Apr 13, 2024 | Exhibitions

Exhibition feature article written by Mitchel McInnis

Beauty is a tricky concept in contemporary art. There are multitudes of painters willing to dish beauty up to viewers by the bucketful—obvious, unmistakable and without mystery. Unfortunately, such painters are plentiful, and they tend to be the darlings of far too many commercial galleries. Painter Brad Bunkers stands in stark contrast to these painters, demanding more subtlety and thoughtfulness from his viewers and collectors.

“Salvaged,” Bunkers’ series of paintings, displays a heightening of his craft. As Bunkers described it during a recent conversation in his studio, “Salvaged” is filled with “subtle forms of pain, subtle forms of beauty.” A rumination on a family that owns a salvage yard, this series is a delight for discerning viewers, engaging them on many levels.

Bunkers’ work defies the obvious and requires a careful eye. You have to spend time with his brushstrokes, with his choices. He’s been painting since he was very young, and his brushstrokes display all the improvisational aplomb of a jazz musician, as well as the accomplishment required to achieve such improvisation.  Bunkers is no ordinary painter, and he requires a less than ordinary viewer.

During our conversation, Bunkers pointed to Robert Motherwell as one of the painters he enjoys and respects. There’s a quote from Motherwell that digs into Bunkers’ work rather adroitly: “Most painting in the European tradition was painting the mask. Modern art rejected all that. Our subject matter was the person behind the mask.” 

Spending a little bit of time with Bunkers’ work, you notice the mask-like quality of his faces, that his characters have no eyes. Though not directly taken from painters like Modigliani or Edward Hopper, these mask-like, eyeless qualities follow in the tradition of Motherwell’s words. Bunkers challenges his viewers to cultivate an intimacy with his work, to rely on more than the mask.

Spending a lot of time with his paintings, one delves into the narratives—connotative and denotative—that lurk behind the masks. They suggest many of the families in the Dakotas, Montana and Wyoming who allow their lives to live them, rather than the reverse.  Bunkers mines that territory as well as the personal mythology of their lives. He grew up in South Dakota, and is familiar with the stories he depicts. Considering his work a form of self-exploration rather than messages laden in pigment, Bunkers has no agenda. He hopes for thoughtful, careful viewers who are as playful as they are experienced. 
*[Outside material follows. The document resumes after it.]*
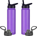 - 4 LEAK-PROOF LIDS: Two different and leak-proof lids of the water bottle with straw are made of food grade plastic, 100% BPA-free and can be switched at any time to meet your every demand. Chug lid with screw cap allows for fast water flow when you're feeling the burn. Straw lid allows you to enjoy spill-proof sipping without efforts. Both lids of the insulated water bottles allow easy one-handed or hands-free sipping. Perfect for any indoor and outdoor activities.

Bunkers is haunted by difficult beauty, with finding it and depicting it. Rescuing the mundane is a poet’s notion; Bunkers is a painter with a poet’s sensibilities.

The type of experimentation Bunkers embraces is not unusual among painters, but it is unusual among painters in the western United States. Painting by painting, he is carving out a very unique promontory for himself. He is equally devoted to craft and experimentation; he is a painter constantly challenging himself, challenging his form.

“Salvaged” sustains viewers in a rare fashion. Juxtaposing formal elements of the paintings themselves with the narrative elements of the vignettes which link them together. His work reminds us what contemporary artists can convey when they have spent as much time considering their craft as their personal experience.

A Personal note: Mitchel McInnis was a dear friend and collaborator who is no longer with us. Mitchel’s deep love of art, his brilliant writing, his child-like curiosity, his tenderness still burn bright in the hearts of those of us who had the privilege of walking on this earth next to him. Thank you friend.